Мужчина за столом напрягается и поворачивается, и я почти всхлипываю от радости из-за его знакомого лица. Дегре в потрепанной серой тунике и широком жилете, его черные волосы свисают жирными прядями на глаза, шляпа с пером сменилась темным бесформенным капюшоном.

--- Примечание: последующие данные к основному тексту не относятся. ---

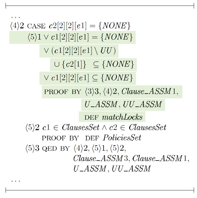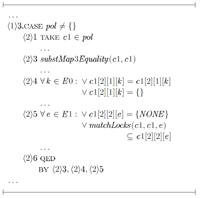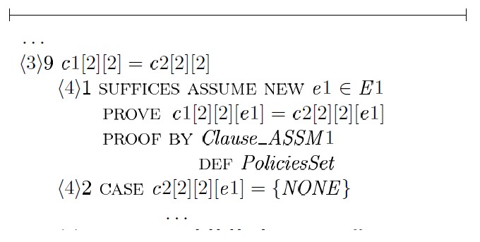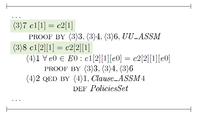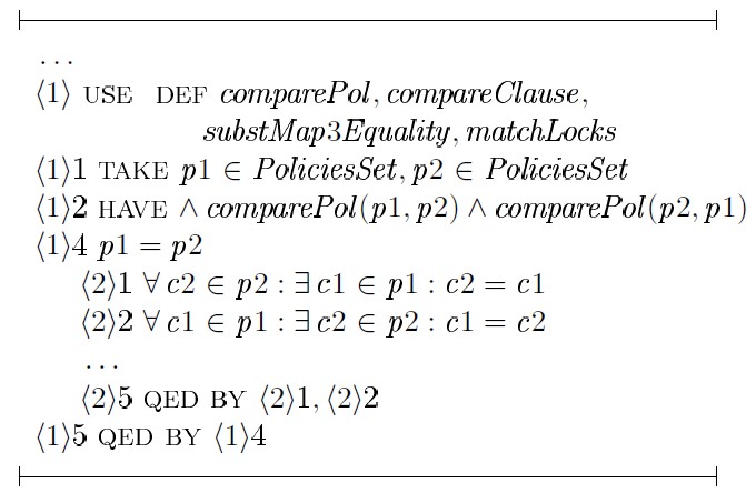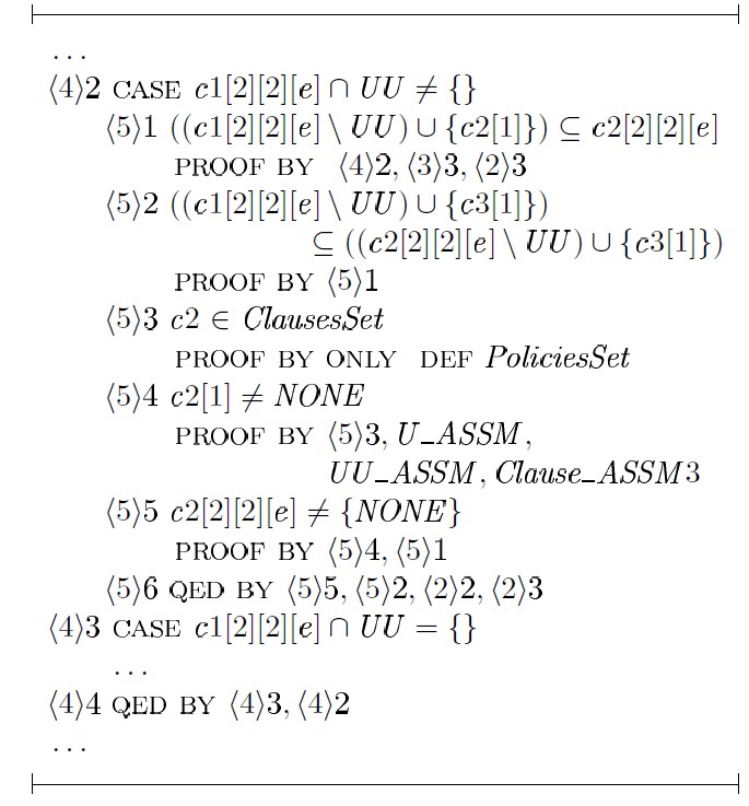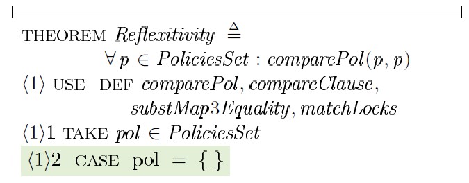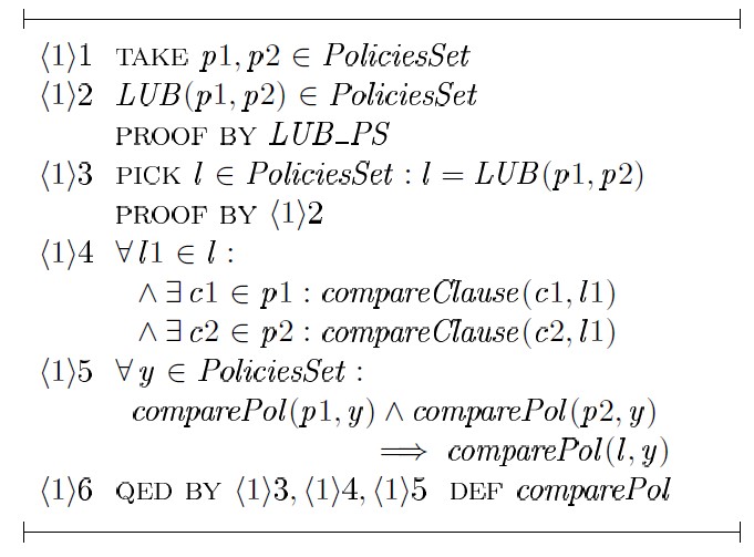 Доказательство шага ⟨1⟩ 4 строится на том факте, что любое предложение политики l является результатом применения некоторой подстановки к блокировкам предложения c1 или c2 с последующим объединением блокировок этих предложений — unionCl (c1,c2), где c1 ∈ p1 и c2 ∈ p2. Для доказательства шага ⟨1⟩ 5 в общем виде необходимо выбрать произвольную политику y ∈ PoliciesSet, произвольное предложение y1 ∈ y и доказать: ∃c1, c2, l1 : c1 ∈ p1 ∧ c2 ∈ p2 ∧ l1 ∈ l (c1 ⊆ y1 ∧ c2 ⊆ y1 => l1 ⊆ y1):
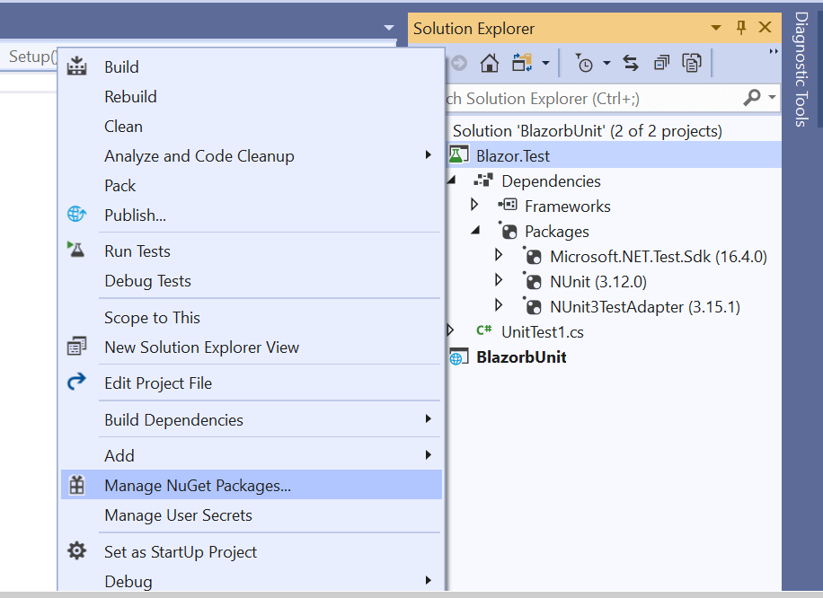 - Right-click the test project and select Manage Nuget Packages as shown in the following screenshot.
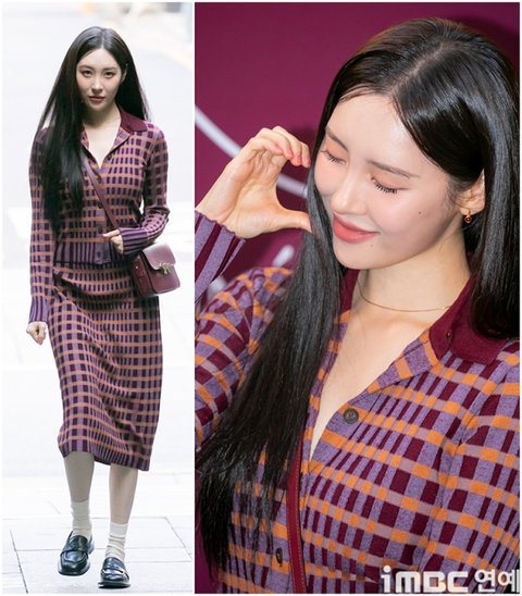 이날 선미는 보랏빛과 붉은 타이탄 체크무늬의 원피스 하나로 러블리한 매력을 뽐냈다. 가로수길을 걸으며 남다른 부끄러운 매력을 뽐낸 선미는 balloon in love 떠오르는 볼 하트 포즈를 취하며 행사를 즐겼다.
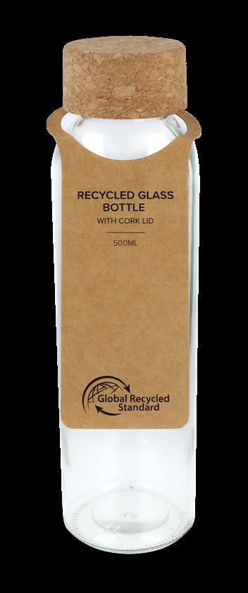 LT98870 | Resirkulert glassflaske med korklokk 500ml Denne flasken kombinerer funksjonalitet med et minimalistisk design, og har et naturlig korklokk. Størrelse: ø 65 x 245 mm. Innhold: 500 ml
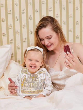 Reversible and adorned with original illustrations on both sides, the Atelier Choux bib blends practicality with artistic charm. The bib is adjustable and features branded golden snaps. Recommended from birth to 24 months.
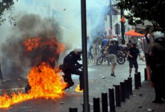 Ομάδες αντιεξουσιαστών έκαναν πορεία προς το Σύνταγμα και ενώθηκαν με όλους τους συγκεντρωμένους του παλλαϊκού συλλαλητηρίου. Κάποια στιγμή όμως βγήκαν από το πλήθος και άρχισαν να εκτοξεύουν δεκάδες μολότοφ προς τα ΜΑΤ. Η αστυνομία απάντησε με δακρυγόνα και χειροβομβίδες κρότου-λάμψης.

— Ужасно выглядишь, — говорю я вместо приветствия. Я хочу подколоть его, но мой голос сдавлен эмоциями и звучит слабо.
Он бросает карты, вскакивает и обнимает меня.
— Ты жив. Я не позволял себе надеяться.
— Ты жив. Как?
— Из-за умений менять облик, — он улыбается и тянет за гадкий жилет. Другие мужчины за столом кричат и указывают на карты, но Дегре бросает свои, обвивает рукой мои плечи и тянет меня к двери. — Думаю, нам лучше перенести встречу в другое место.
Мы выходим под дождь и ветер, поворачиваем пару раз за угол и находим тихий прилавок с нависающей крышей. Он отпускает меня и морщит нос.
— Ты ужасно пахнешь. Ты валялся в навозной куче?
— Близко, — говорю я. — Как ты пережил бой с монстрами Лесажа? Я слышал, это было ужасно. Даже генерал-лейтенант не выжил. Его голова теперь висит на стене дворца.
Дегре передергивает.
— Знаю, и я погиб бы с ним, но я был офицером низшего ранга, и Ле Рейни послал меня за амуницией из резервного хранилища за портом Сент-Антуан. Когда я вернулся, бой был окончен. Я увидел тела товарищей во дворе, сбросил свой плащ и побежал в другую сторону, — он утихает на миг. — Это делает меня трусом?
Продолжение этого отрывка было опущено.